Em 25 de janeiro deste ano, a barragem principal da mina Córrego do Feijão, da Vale, se rompeu, liberando 11,7 milhões de toneladas de rejeito de minério de ferro. A lama atingiu prédios administrativos da mineradora, o refeitório (era hora de almoço), um hotel e parte da zona rural de Brumadinho.
Ouviu testemunhas, analisou provas compartilhadas pelo Ministério Público Federal e pelo Ministério Público de Minas Gerais, considerou o inquérito policial conduzido pela Polícia Federal e apreciou elementos encontrados em operações de busca e apreensão. No total, a CPI recebeu mais de 15 mil páginas e centenas de horas de filmagens das câmeras de segurança da barragem.
Até o momento, 246 vítimas foram identificadas e outras 24 continuam desaparecidas – a operação de buscas ainda está em curso. A maior parte era funcionário da Vale – próprios ou terceirizados.
A CPI do Senado é a primeira investigação oficial sobre a tragédia de Brumadinho a chegar a uma conclusão.
Por nota, a Vale disse que “respeitosamente discorda da sugestão de indiciamento de funcionários e executivos da companhia”. “A Vale considera fundamental que haja uma conclusão pericial, técnica e científica sobre as causas do rompimento da barragem B1 (a barragem principal, que se rompeu) antes que sejam apontadas responsabilidades”, continua.
A BBC News Brasil não localizou representantes da Tuv Sud para comentar o relatório da CPI até a publicação desta reportagem.
Provas analisadas apontam problemas prévios
O relatório final chegou a quatro conclusões a respeito do rompimento da barragem da Vale em Brumadinho.
Primeiro, diz o texto, houve deficiências tanto na construção como no alteamento (ou seja, ampliação) da barragem, especialmente em relação ao sistema de drenagem. Em junho de 2018, quando ocorreu a revisão periódica da barragem, nem a Vale nem a auditoria contratada encontraram a documentação das obras dos dez alteamentos, todos à montante, ocorridos desde a construção da barragem, em 1976.

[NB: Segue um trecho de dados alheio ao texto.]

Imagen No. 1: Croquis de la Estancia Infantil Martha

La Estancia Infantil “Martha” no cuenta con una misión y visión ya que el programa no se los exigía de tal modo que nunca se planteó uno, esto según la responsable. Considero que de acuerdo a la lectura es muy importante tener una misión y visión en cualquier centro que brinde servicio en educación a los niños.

Além disso, segundo o relatório da CPI, um consultor contratado pela Vale teria feito duas escavações simples na barragem, em junho de 2018, de onde teria saído água em profusão, “demonstrando que o sistema de drenagem era insuficiente ou não tinha a manutenção adequada”.
A segunda conclusão é que, no ano que antecedeu ao rompimento, teriam sido detectados sinais de que havia riscos à estabilidade da barragem. Uma delas teria ocorrido em junho de 2018, quando foi instalado um dreno horizontal profundo, gerando um “grave evento de fraturamento hidráulico”.
“No rompimento da barragem, as imagens de vídeo mostram um forte fluxo de água surgindo do mesmo ponto onde ocorreu o fraturamento hidráulico”, diz o resumo do relatório apresentado na CPI.
Outro problema é que, a partir de dezembro de 2018, um radar teria detectado “deformação positiva, gradual e constante na barragem”.
A terceira conclusão do relatório é que profissionais da Vale interferiram na produção e revisão de laudos de segurança feitos por empresas de auditorias, que deveriam ser independentes. Uma troca de e-mails demonstraria, por exemplo, que uma funcionária da Vale tinha acesso aos relatórios e alterava seu conteúdo, antes que fossem formalmente apresentados à Vale e à Agência Nacional de Mineração.
Por último, o relatório conclui que pessoas que ocupavam altos cargos na Vale estavam cientes dos riscos na barragem de Brumadinho e das medidas que seriam necessárias para aumentar sua segurança.
Uma das provas seria uma troca de e-mails entre gerentes e diretores da Vale, em que a “mensagem inicial destaca a necessidade de haver mais investigação e monitoramento da barragem, além de apontar medidas complementares para reduzir o risco atual”.